Better late than never. It was worth the wait. The story is brutal yet realistic and has more twists and turns than a rollercoaster. The atmosphere of the South rings true as can only come from someone who has lived there. I think I have ANOTHER favorite author.
Natchez Burning
We meet Penn Cage, a former prosecutor turned mayor. Through the memories of different characters, we are brought back to the 1960s and the tension that made the civil rights movement. A group of former Kue Klux Klan members bridge off and formed the Double Eagles, a more militant group who planned on killing Martin Luther King Jr. and Bobby Kennedy.

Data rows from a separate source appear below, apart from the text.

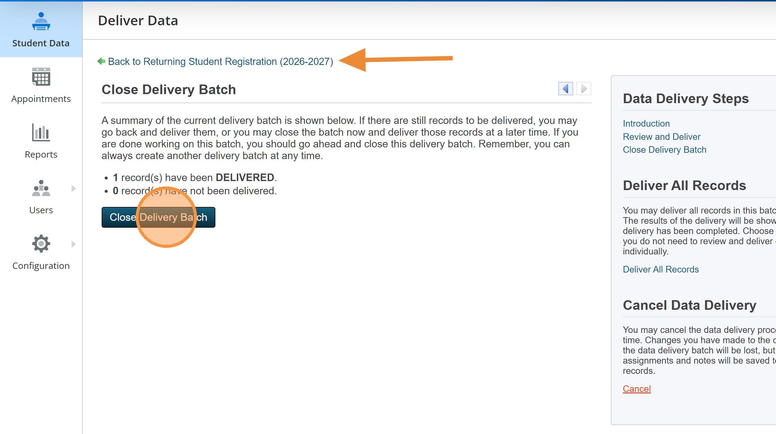 13. Click "Back to Returning Student Registration (2026-2027)"
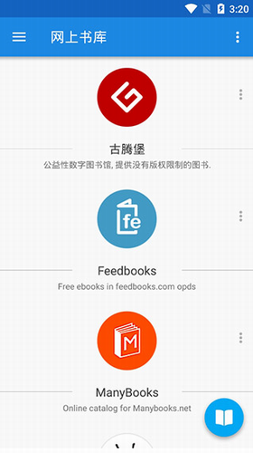 4、这款软件支持多个在线书库,内容丰富全面;已加入书库包括书仓,HIFIWIKI中文书站,古腾堡等,并在持续增加中。
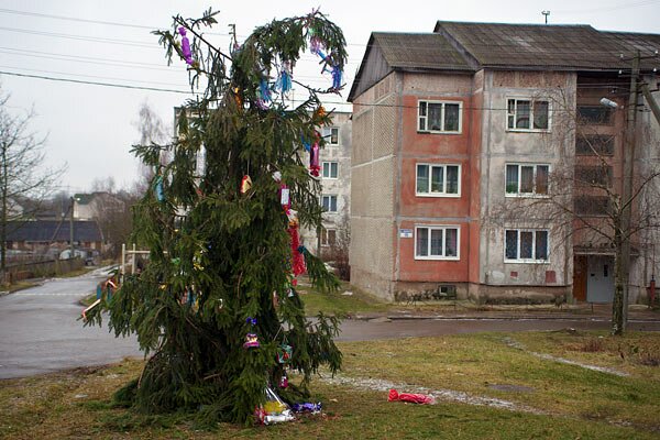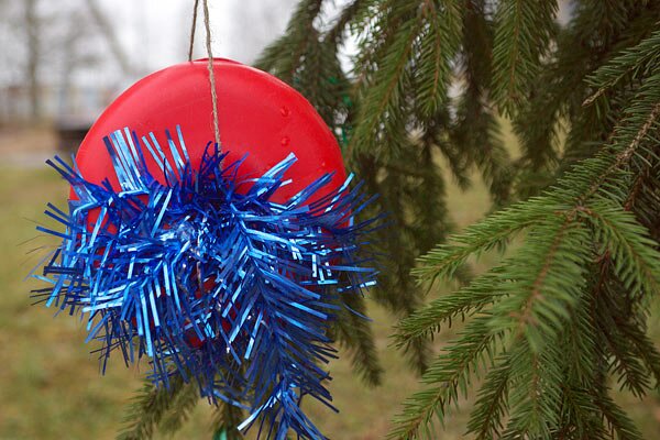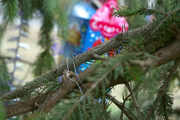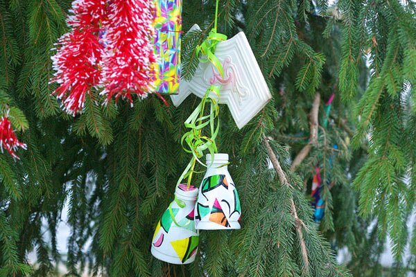 Не увидите вы на ёлочке шариков цветных, розовых пряников и шишек золотых. В основном украшения сделаны из пустых пластиковых бутылок и тому подобных бытовых отходов, завернутых в фольгу и цветную бумагу.
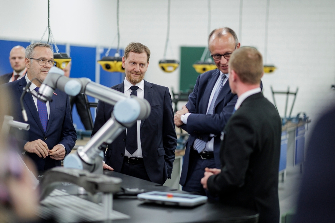 Foto: Antrittsbesuch von Bundeskanzler Friedrich Merz im Freistaat Sachsen - Bildungszentrum
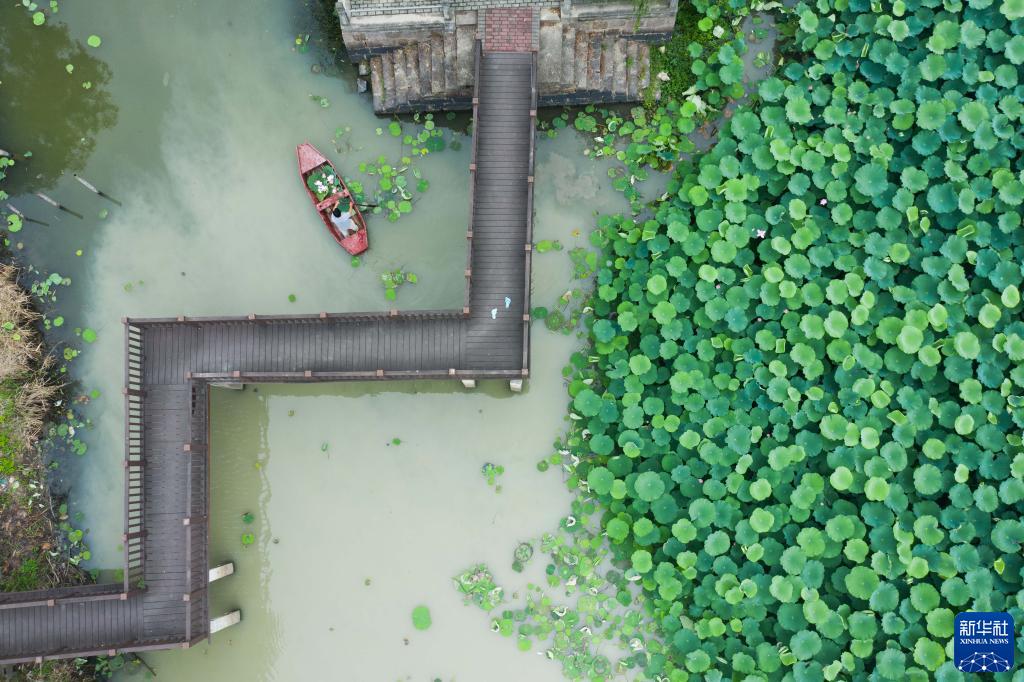 6月16日,空中俯瞰東林鎮泉心村的荷花塘。村民劃著(zhù)船采收荷花、荷葉,作為鄉村旅游特色產(chǎn)品(無(wú)人機照片)。
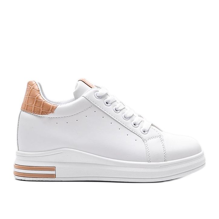 White sneakers on a hidden wedge Halle in beige are the perfect choice for women who value both comfort and style. These elegant shoes made of high-quality eco-leather are distinguished by subtle beige inserts that perfectly harmonize with the main, white color.
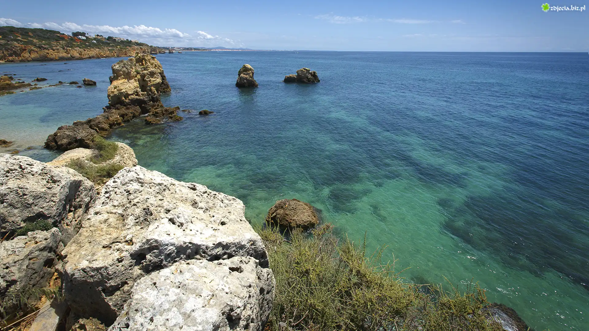 Zdjęcie Portugalia, Region Algarve, Wybrzeże, Morze, Skały, Roślinność
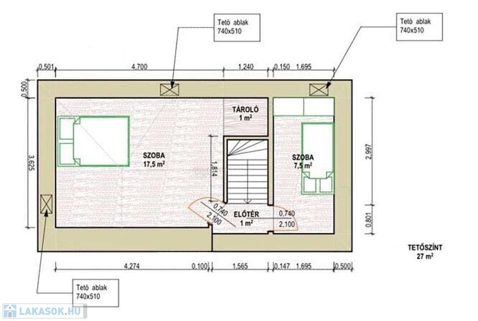 • Kovácsoltvas korlátos lépcső a tetőtérbe, alatta praktikus tároló
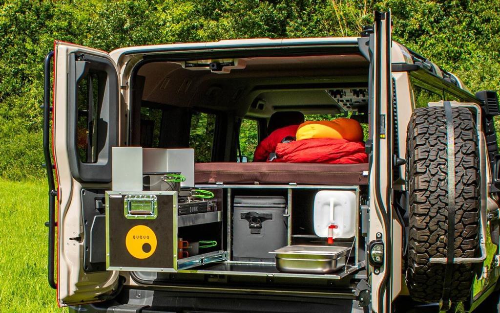 QUQUQ is internationally recognised for their camp boxes which turn a wide range of commercial vans, family estates, and 4x4s into campers. The arguments in favour of the QUQUQ solution include quick installation (literally within minutes), double bed, twin burner stove, fridge, and even a sink complete with running water.
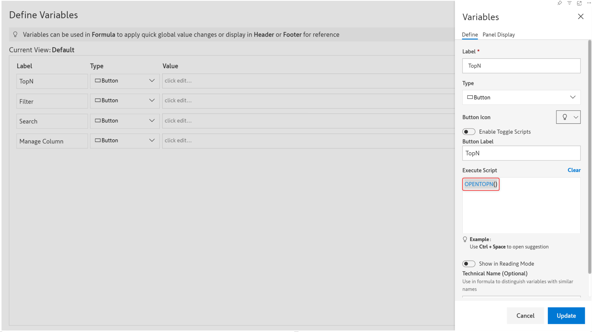 Use variables, on-load, and on-data-change scripts to open the TopN interface without requiring access to the toolbar.
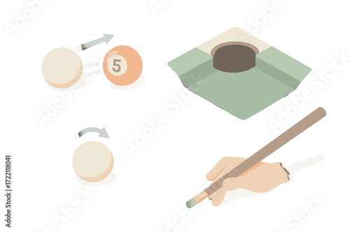 Minimal snooker cue and ball silhouette vector with white background for pool and billiard game illustration
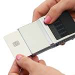 本製品は2種類のタイプから選べるのも特徴。1つ目が“プロテック2.0ブラッシュドクローム”。こちらはカードのデータ抜き取りを防止する“RFIDスキミングブロック”を搭載。合成樹脂による一体型ボディと二層のメタルコーティングが施されており、映り込みの無いクロームカラーで高級感があります。
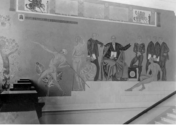 Jönköpings högre allmänna läroverk. Målningen i övre trapphallen av Georg Pauli.
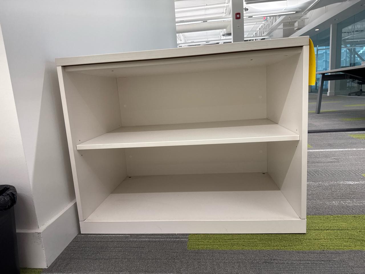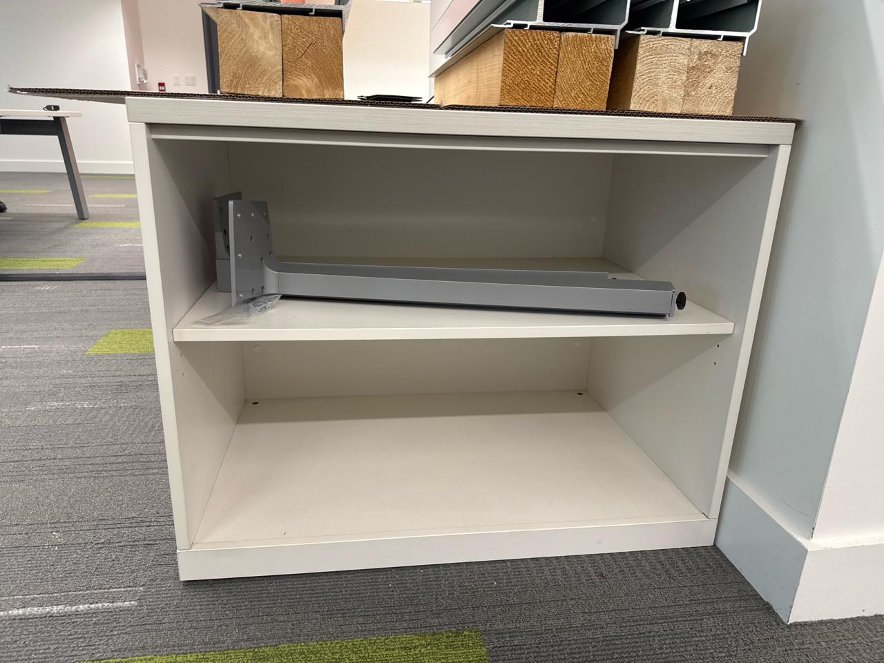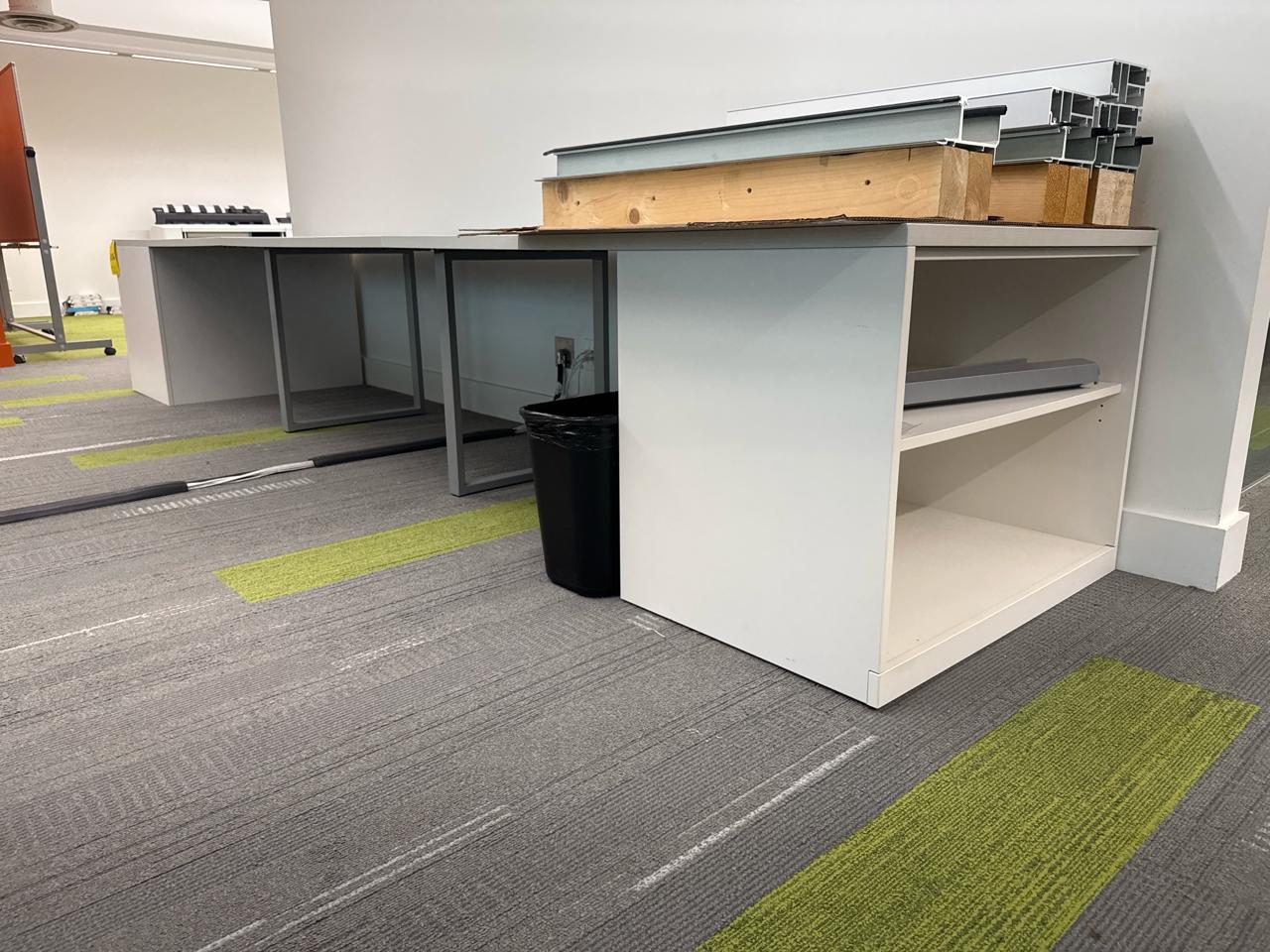 Office furniture, extended table with shelving, 14 ft length x 3 ft width x 28.5 inch height, contents not included, [2nd floor Office]

Meanwhile, Cage’s father, a respected physician, has an affair with his African American nurse.
It is from this background that Cage and his fiancé, a reporter, find themselves trying to identify members of this domestic terrorist group and find proof that Cage’s father did not help his former lover commit suicide.
The Bone Tree
The Bone Tree is a massive cypress where the Double Eagles have allegedly tortured and murdered several African Americans. It has never been found, but Katelin, Pen’s fiancée, is determined to find it and prove that the Double Eagles were behind some of the deadliest murders in the State and are still active.
Pen works with the FBI trying to prove that Double Eagles were behind the JFK assassination while Forrest Knox, a high-ranking State Police officer and secretly a Double Eagle member, flanks them at every turn.
Mississippi Blood
In the concluding book of the trilogy, Penn’s father must fight for his freedom in a high-stakes criminal trial, while the Double Eagles try killing any evidence and witness that stands against them. Penn and his half-brother must team up to survive the encounter.
The courtroom drama is as exciting as the shootouts between the Double Eagles and their enemies, and the tension doesn’t slow down until the last page.
I highly recommend the entire series.